Dkt. # 18773-16W, Depadro v. C.I.R. (Order Here)

Finally, this is your periodic reminder that to claim a whistleblower award under section 7623, the IRS must both act upon the information provided through instituting an administrative or judicial action AND collect tax from the target of that action. The petitioners here alleged that the IRS was negligent in failing to do so, and on that basis, the petitioners should receive a monetary award. Judge Guy quickly dispenses with that argument (facially persuasive though it might sound to a wannabe whistleblower) and grants the Service’s motion to dismiss.

 

Comments

  1. Norman Diamond says:

    Sure frivolous arguments deserve to be penalized, but what are these?

    “assessed a $10,000 section 6673 penalty because of the Gardners’ largely frivolous arguments (e.g., accusing the IRS of lying, defamation, and conspiring to deny their First Amendment rights to freedom of speech and religion),”

    When the IRS files exhibits that contradict each other, isn’t it pretty non-frivolous to accuse the IRS of lying? When withholding that was already collected (which I learned from this blog that the IRS is statutorily required to investigate, which could be done by asking the stockbroker’s office in Bensalem USA if the Form 1099 was true or not) exceeds penalties that were assessed (for which the IRS waited until the CDP case was in Tax Court before finally stating a reason), wouldn’t it be pretty much non-frivolous to suggest that the lien is defamation?

    “Some of the arguments addressed strike me as those that the Tax Court routinely skips (e.g., […], or that the signatures on the Form 4340 summary records of assessment constitute perjury).”
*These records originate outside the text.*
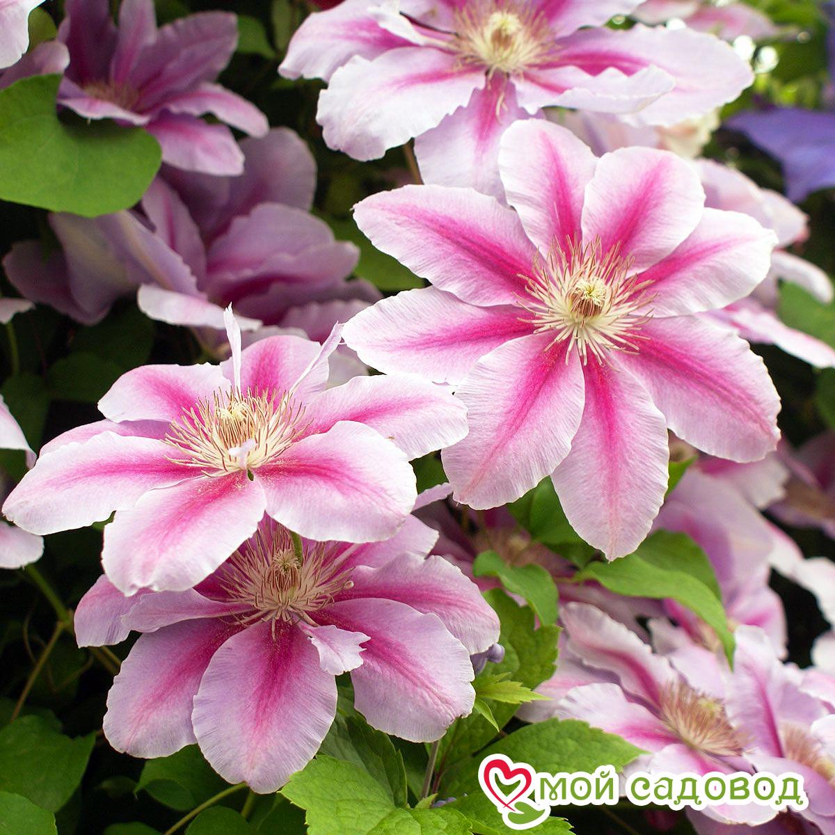 Это популярный крупноцветковый сорт с ранним сроком цветения. Выведен он в 1958 году, в Англии. С тех пор и до нашего времени многолетник не теряет популярности. Выращивают его практически повсеместно. Купить недорого качественные саженцы можно в интернет-магазине «Мой садовод». Как выглядит растение? В высоту лиана достигает 1,5 – 2,5 м. Цветение приходится на май – июнь. Возможна повторная волна в сентябре. Цветки окрашены в розово-лиловый цвет. Также по лепесткам проходят темно-розовые полоски. Тычинки бледно-коричневые. В солнечных местах цветки теряют насыщенность окраски. За опоры лиана цепляется листовыми черешками. Применение в ландшафтном дизайне Зачастую многолетник применяют в озеленении изгородей и балконов. Также он идеально подходит для декорирования цветочных клумб или плодовых деревьев. Приобретенные в питомнике саженцы размещают у садовых опор или среди кустарников. Советы по посадке и выращиванию Лиана хорошо себя чувствует в полутенистых местах. Грунт подойдет питательный, суглинистый или супесчаный. Идеально, если он насыщен перегноем, с низкой кислотностью. Переносить растения в сад нужно весной, традиционным способом. Первым делом выкапывается лунка размером 50 х 50 см. Далее на дно насыпают дренаж из дробленого кирпича или щебня. Саженец устанавливают по центру углубления и аккуратно засыпают корни землей. Последний шаг – обильный полив и мульчирование (опилками или древесной корой). Дополнительные орошения проводят ежедневно в течение 7 дней. Когда клематис приживется, расход воды уменьшают. Удобрения используют 3 – 4 раза за сезон. Положительные качества клематиса Биз Джубили К наиболее важным чертам сорта относятся: неприхотливость в уходе; интенсивный рост и развитие; высокая холодоустойчивость; доступная цена; способность к быстрому размножению. Купить недорого клематисы можно в интернет-магазине «Мой садовод». Просто отправьте понравившийся сорт в корзину, нажав на соответствующую кнопку. Мы бережно упакуем и максимально быстро доставим Вашу покупку ТК СДЭК или почтой России. Если возникнут вопросы или сложности с оформлением заказа, наши консультанты предоставят квалифицированную помощь. Мы гарантируем высокое качество посадочного материала и дорожим мнением каждого покупателя!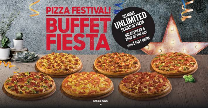 参与自助的Pizza口味有:Hawaiian, Chicken Supreme, Curry Chicken, Super Supreme, Meat Galore and Pepperoni pizzas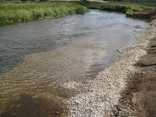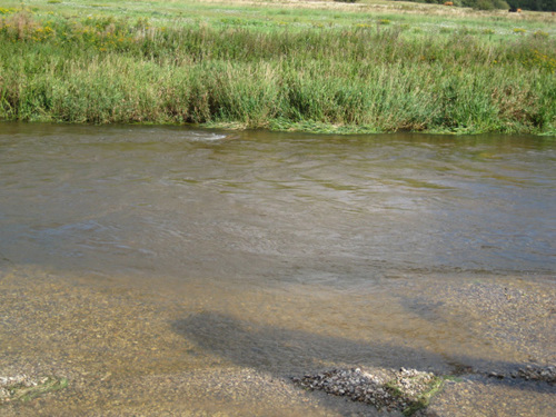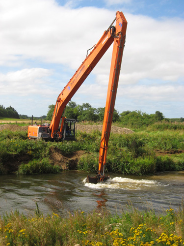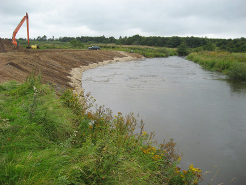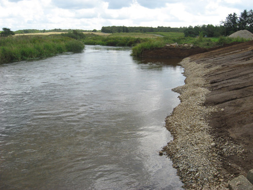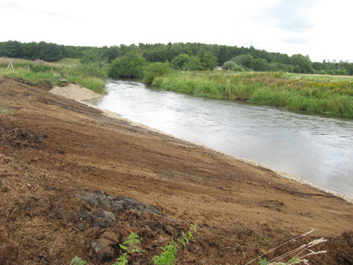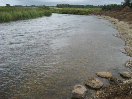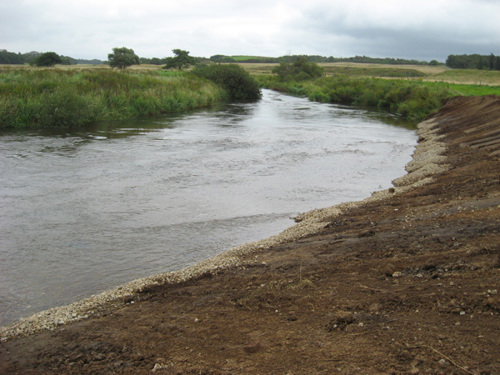Åen udvides og der lægges gydegrus på lavt vand. (vi kigger ned mod Bur Bro).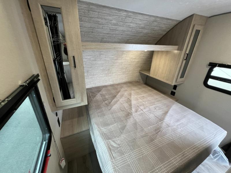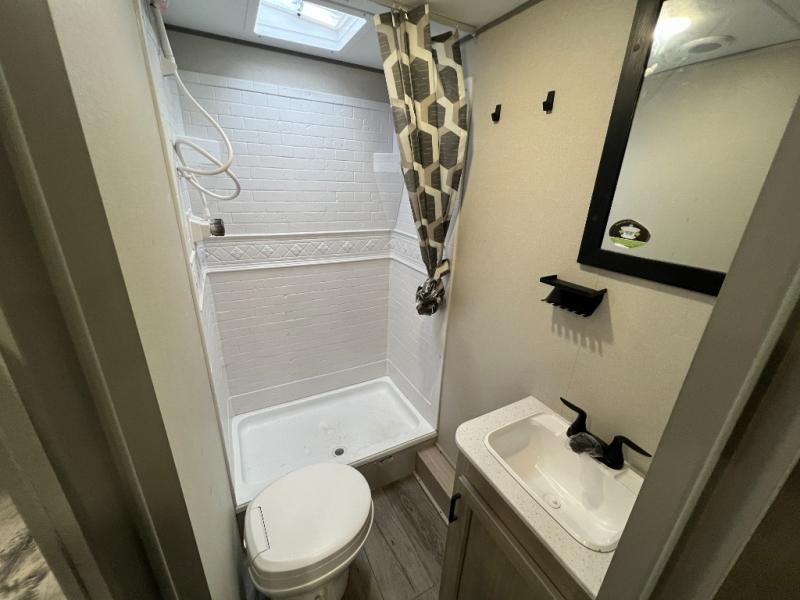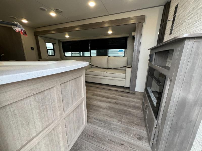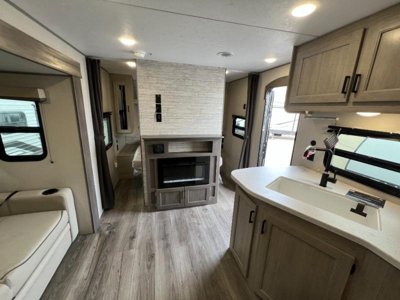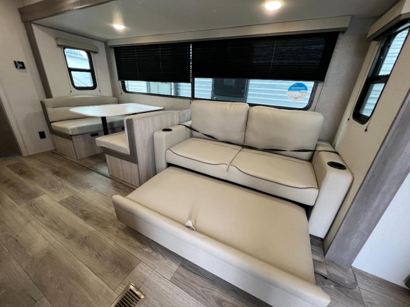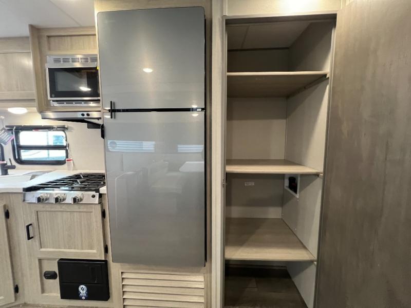 This is the perfect mid-size travel trailer for you and your family! The 46" x 74" double-size bunk beds with lower interior storage offer a comfortable sleeping space for the kids and you will have your own private sleeping space with the 60" x 74" queen bed in the front bedroom. Freshen up each morning in the rear corner bathroom with the tub/shower and a mirror to get ready each morning. You can prepare your best home cooked meals with the GE stainless three burner cooktop and GE stainless 10.7 cu. ft. 12V refrigerator, then enjoy them together at the booth dinette. The sofa is near the entertainment center for a relaxing movie night. Don't leave any of your outdoor gear behind either, thanks to the front pass-through storage area and the exterior outside storage area. You could even add the optional outside camper kitchen to grill the catch of the day on the pull out griddle!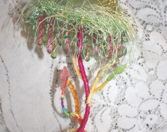 Candle Lamp, Soy Wax Tea Light Lamp, Funky Embellished With Green, Yellow and Pink Yarns, Textiles and Beads,Tea Light Lamp Candle Holder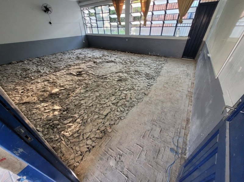 - Obra: recuperação geral, com manutenção da alvenaria, da cobertura, das instalações elétricas e hidrossanitárias, dos pisos, das paredes, dos forros e das pinturas e reconstrução do muro e calçada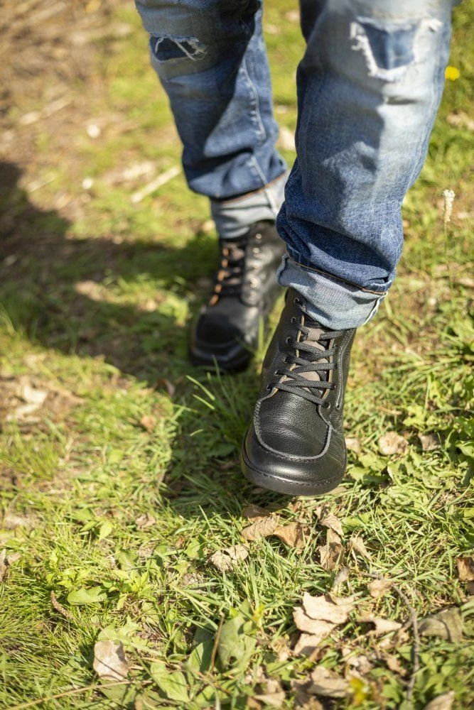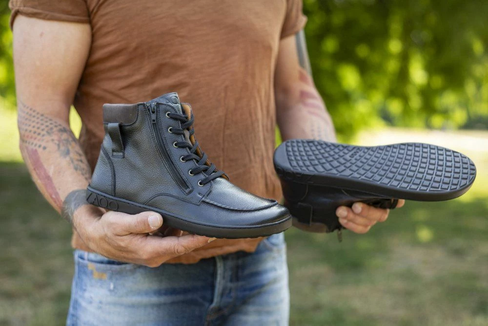 - Kautschuksohle mit Nullabsatz, dadurch Entlastung der Wirbelsäule und Schonung der Gelenke, unterstützt die natürliche Körperhaltung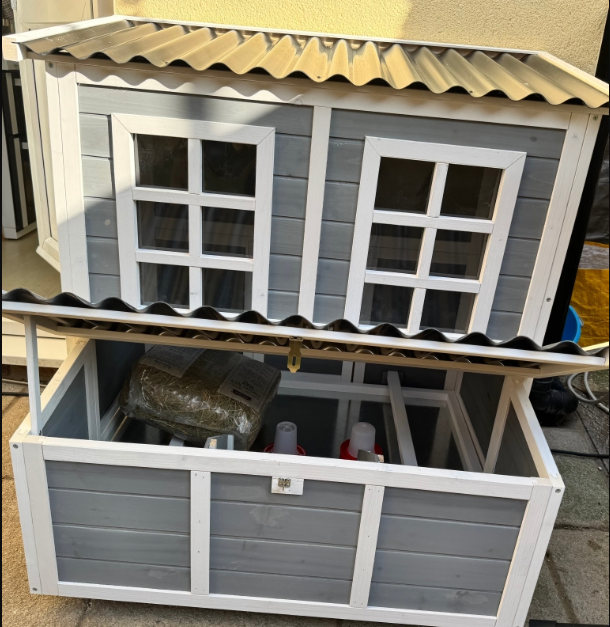 PAWSTER Wooden Chicken Coop with Nesting Box, Slide-Out Tray, Perches, for 4-6 Chickens, 100 x 86 x 100cm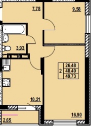 ДВУХКОМНАТНАЯ №4249.73 м2 Двухкомнатная №42забронированаОбщая площадь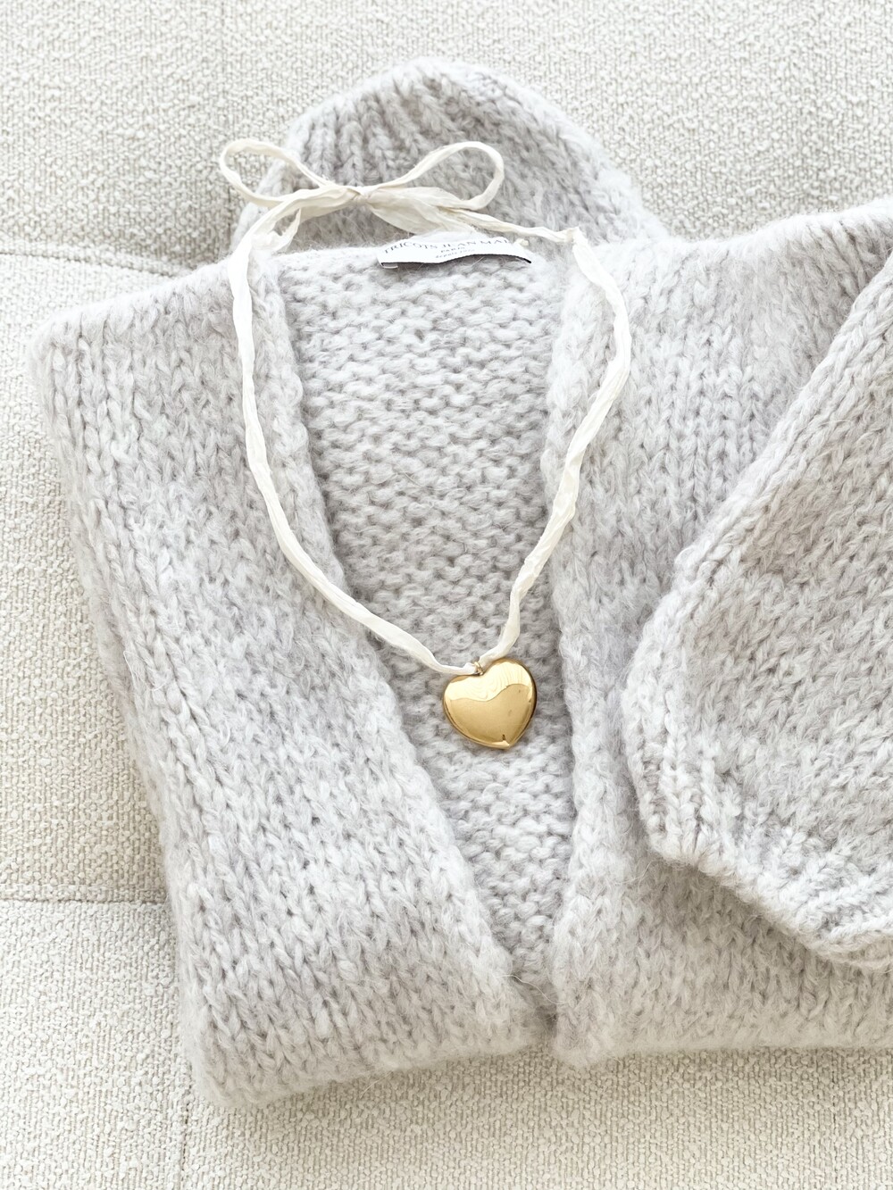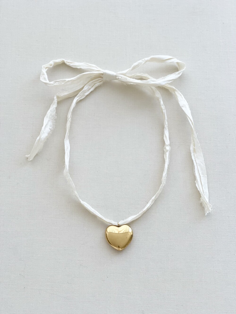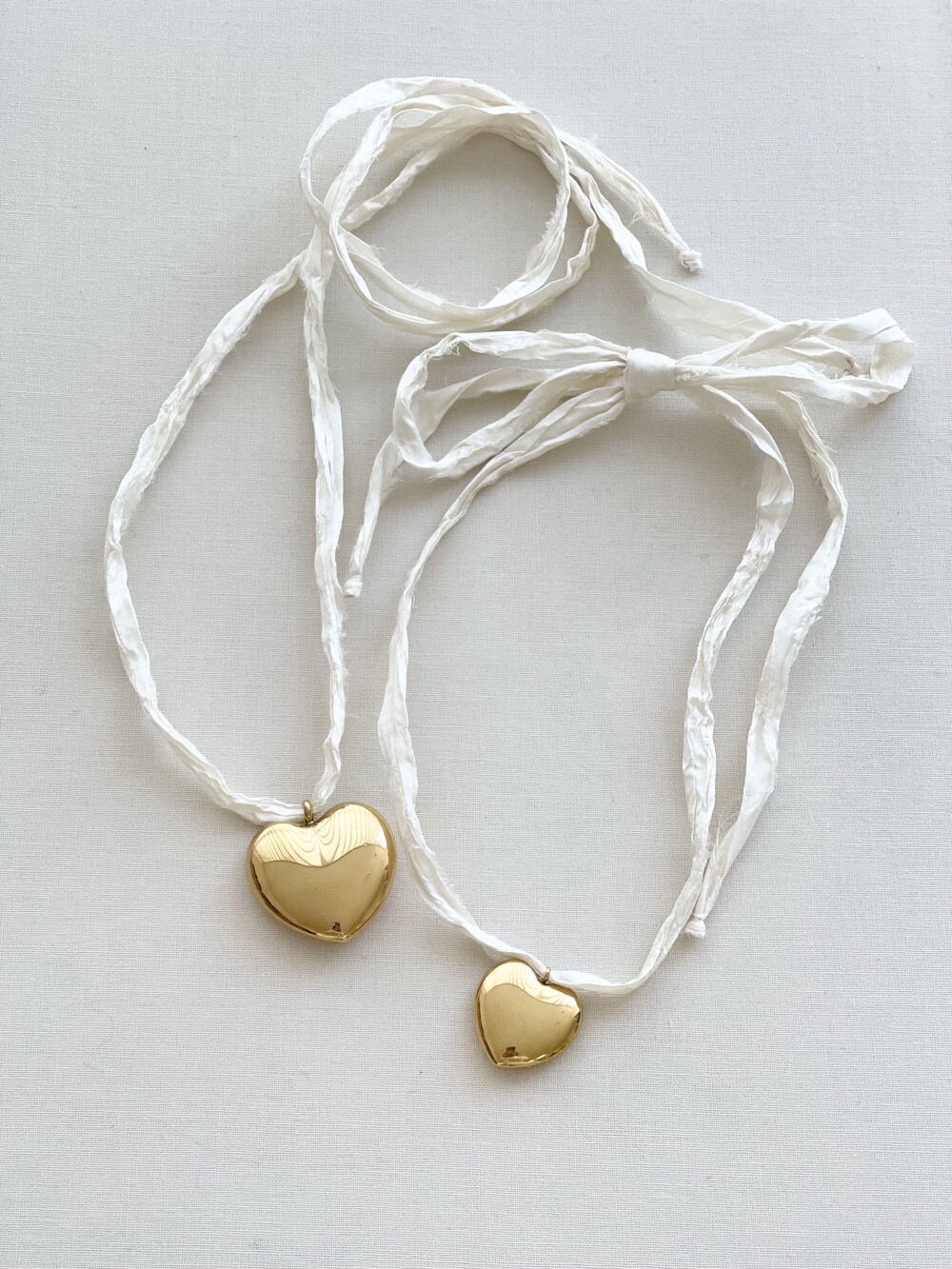 은은하면서도 고급스러운 골드와 아이보리 컬러가 우아하게 어우러지는 Heart Silk Necklace 하트 실크 네크리스를 소개합니다. 포인트 스타일링이 가능한 하트 실크 네크리스는 취향과 OOTD에 따라 기장을 다양하게 조절하여 스타일링하세요. 합리적인 가격대의 하트 실크 네크리스를 스몰과 라지 두가지 사이즈로 선보입니다.

    When IRS administrative records contradict each other, when Form 4340 deletes records of the existence of a return which clearly did exist, or when Form 4340 deletes records of collection which other IRS records show was performed, isn’t it pretty much non-frivolous to suggest that the signatures on Forms 4340 constitute perjury?

    “He [Judge Halpern] further notes that the court does not have any statutory discretion to waive section 7485, even for cases of financial hardship.”

    Often that would seem not to matter, because assessment isn’t collection, and fraudulent assessment isn’t a cause of action. But now that fraudulent assessment can result in passport revocation, it seems not quite constitutional.

    When someone creates an abusive tax shelter and makes actual frivolous arguments to try to avoid penalties, sure they need more penalties. But slaughtering 100 innocent people along with the 1 criminal isn’t the way to do it.